The maid's sneer widened. She strode forward and slapped me hard across the face. "You don't have a choice." She ripped the blanket off me and, with the help of another servant, forced my protesting limbs into the humiliating garment. "Mr. Johnson is entertaining a guest. He wants you to serve them."
They dragged me out of the room, my body trembling uncontrollably. In the polished surface of a hallway mirror, I caught a glimpse of myself. I was a scarecrow dressed in a prostitute's rags, my face pale and bruised, my eyes wide with terror. It was hard to breathe.
They pushed me into the private dining room. The table was set for three, with crystal glasses and gleaming silverware. Courtland sat at the head of the table, looking as serene and untouchable as a god. He didn't even glance at me.

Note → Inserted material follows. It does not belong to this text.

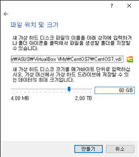 7. 동적 할당을 선택했기 때문에 60GB로 설정하더라도 실제 사용하는 용량만큼만 차지하기 때문에 저는 60GB로 설정한 후 만들겠습니다.

He was going to parade me in front of someone like this. He was going to sell my last shred of dignity for his own sick satisfaction.
A large, greasy-looking man in his fifties sat opposite Courtland. His eyes roamed over my body, a lecherous grin spreading across his face.
"So, this is the little treat you promised me, Courtland," the man boomed, licking his lips. "She's a feisty one, I hear."
Courtland finally looked at me, his eyes cold. "Mr. Harrison, Anastasia is here to ensure you have a pleasant evening."
He was giving me to this pig. As punishment.
My mind went blank with horror. I stumbled backward, trying to flee, but the maids held me fast.
"Courtland, no," I begged, tears streaming down my face. "Please, don't do this to me."
Mr. Harrison laughed, a horrible, wet sound. He got up and lumbered toward me. "Don't worry, darling. Your husband just wants me to teach you a lesson. He told me to be thorough."
He reached for me, his fat fingers grabbing my arm. The world spun, and my last conscious thought was a scream that never left my lips.